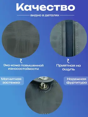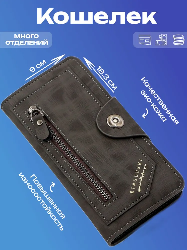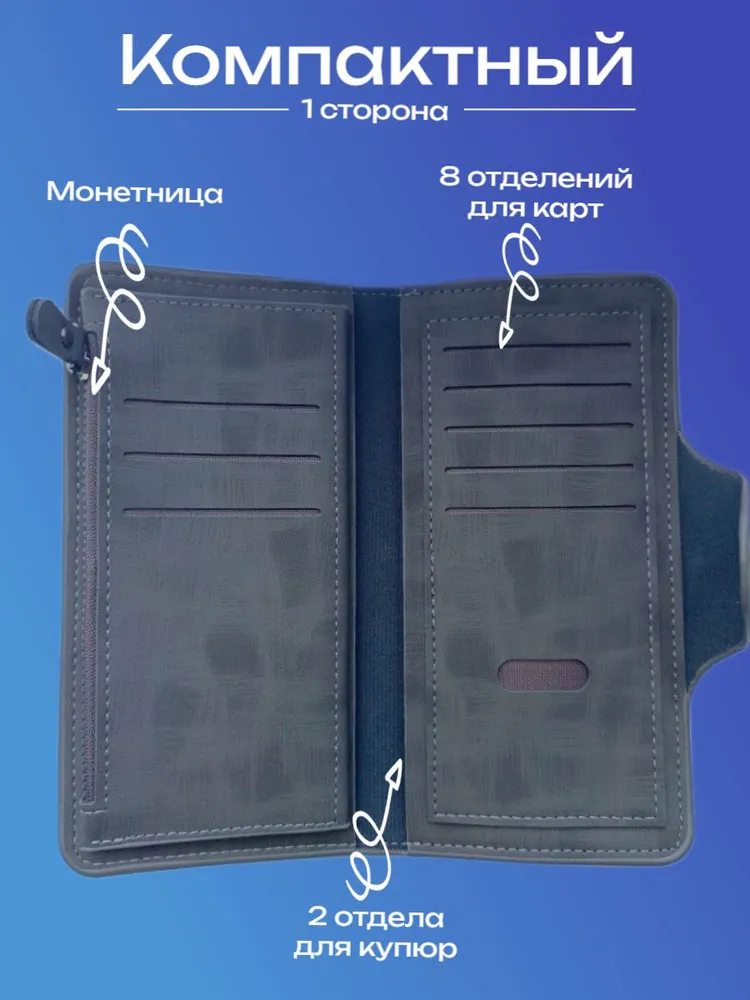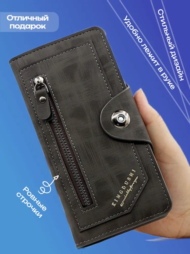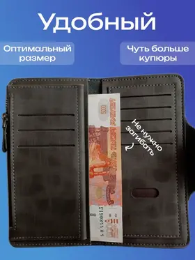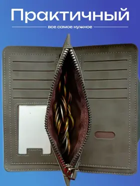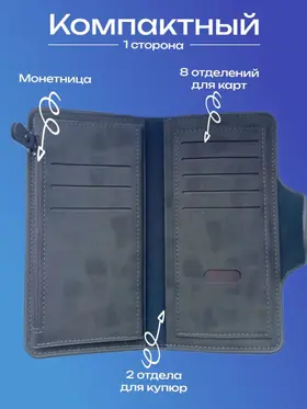 Качество Мужской кошелек из экокожи — это стильный и функциональный картхолдер, который идеально подходит для хранения купюр и монет. Это портмоне мужское сочетает в себе элегантный дизайн и практичность, предлагая удобные отделения для карт и мелочи. Экокожа обеспечивает долговечность и устойчивость к повреждениям, по виду не отличимым от натуральной кожи, что делает этот аксессуар идеальным выбором для современных мужчин, ценящих качество и экологичность. Надежность Мужской клатч — идеальный мини кошелек, который сочетает в себе функциональность и стиль, заклепка на магните, а молнии внутри и снаружи портмоне сделаны из металла высокой прочности. Этот надежный аксессуар подходит не только для взрослых мужчин, но и для детей, благодаря своему универсальному дизайну. Клатч выполнен из высококачественных материалов, что обеспечивает долговечность в использовании. Стильный дизайн Бумажник - идеальный и компактный мужской кошелек, который сочетает в себе все необходимые элементы для удобного хранения. Этот лёгкий и функциональный аксессуар включает в себя монетницу, а также специальное отделение для купюр, куда можно разместить водительские права, пропуски, проездные или документы (небольшие). Его стильный дизайн обеспечивает оптимальную организацию пространства, сам кошелек длинный и достаточно не большой, маленький, а визитница позволит всегда иметь под рукой важные контакты. Несмотря на свои компактные размеры, наш бумажник способен вместить всё, что нужно, не занимая много места в вашей сумке или кармане.
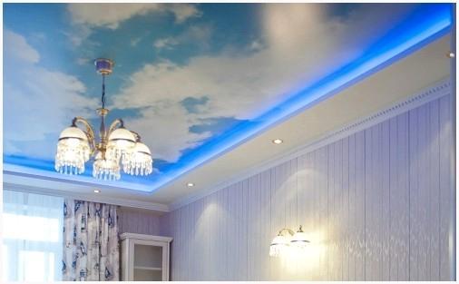Потолки низкие по высоте возможно оформить посредством глянцевого натяжного полотна холодного оттенка. Для визуального подъема потолочной поверхности вблизи стен делают по периметру потолок мало ниже, форма пониженного потолка наряду с этим возможно любой. Применение ярких оттенков делает потолочную поверхность, что окрашена в такие цвета, визуально более отдаленной.
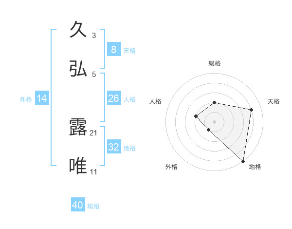 久弘 露唯さんの総格は40画の2点!
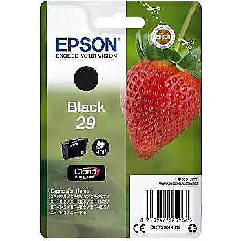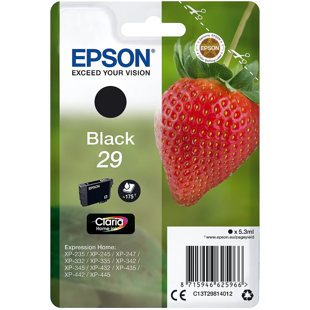 LongSummaryDescription - Epson Strawberry Singlepack Black 29 Claria Home Ink. Cartridge capacity: Standard Yield, Black ink type: Pigment-based ink, Black ink volume: 5.3 ml, Printing colours: Black, Quantity per pack: 1 pc(s), Black ink page yield: 175 pages

========================

Work instructions —
Return the data above in its exact wording, with none of the pictures.

Task answer —
 Качество Мужской кошелек из экокожи — это стильный и функциональный картхолдер, который идеально подходит для хранения купюр и монет. Это портмоне мужское сочетает в себе элегантный дизайн и практичность, предлагая удобные отделения для карт и мелочи. Экокожа обеспечивает долговечность и устойчивость к повреждениям, по виду не отличимым от натуральной кожи, что делает этот аксессуар идеальным выбором для современных мужчин, ценящих качество и экологичность. Надежность Мужской клатч — идеальный мини кошелек, который сочетает в себе функциональность и стиль, заклепка на магните, а молнии внутри и снаружи портмоне сделаны из металла высокой прочности. Этот надежный аксессуар подходит не только для взрослых мужчин, но и для детей, благодаря своему универсальному дизайну. Клатч выполнен из высококачественных материалов, что обеспечивает долговечность в использовании. Стильный дизайн Бумажник - идеальный и компактный мужской кошелек, который сочетает в себе все необходимые элементы для удобного хранения. Этот лёгкий и функциональный аксессуар включает в себя монетницу, а также специальное отделение для купюр, куда можно разместить водительские права, пропуски, проездные или документы (небольшие). Его стильный дизайн обеспечивает оптимальную организацию пространства, сам кошелек длинный и достаточно не большой, маленький, а визитница позволит всегда иметь под рукой важные контакты. Несмотря на свои компактные размеры, наш бумажник способен вместить всё, что нужно, не занимая много места в вашей сумке или кармане.
Потолки низкие по высоте возможно оформить посредством глянцевого натяжного полотна холодного оттенка. Для визуального подъема потолочной поверхности вблизи стен делают по периметру потолок мало ниже, форма пониженного потолка наряду с этим возможно любой. Применение ярких оттенков делает потолочную поверхность, что окрашена в такие цвета, визуально более отдаленной.
 久弘 露唯さんの総格は40画の2点!
 LongSummaryDescription - Epson Strawberry Singlepack Black 29 Claria Home Ink. Cartridge capacity: Standard Yield, Black ink type: Pigment-based ink, Black ink volume: 5.3 ml, Printing colours: Black, Quantity per pack: 1 pc(s), Black ink page yield: 175 pages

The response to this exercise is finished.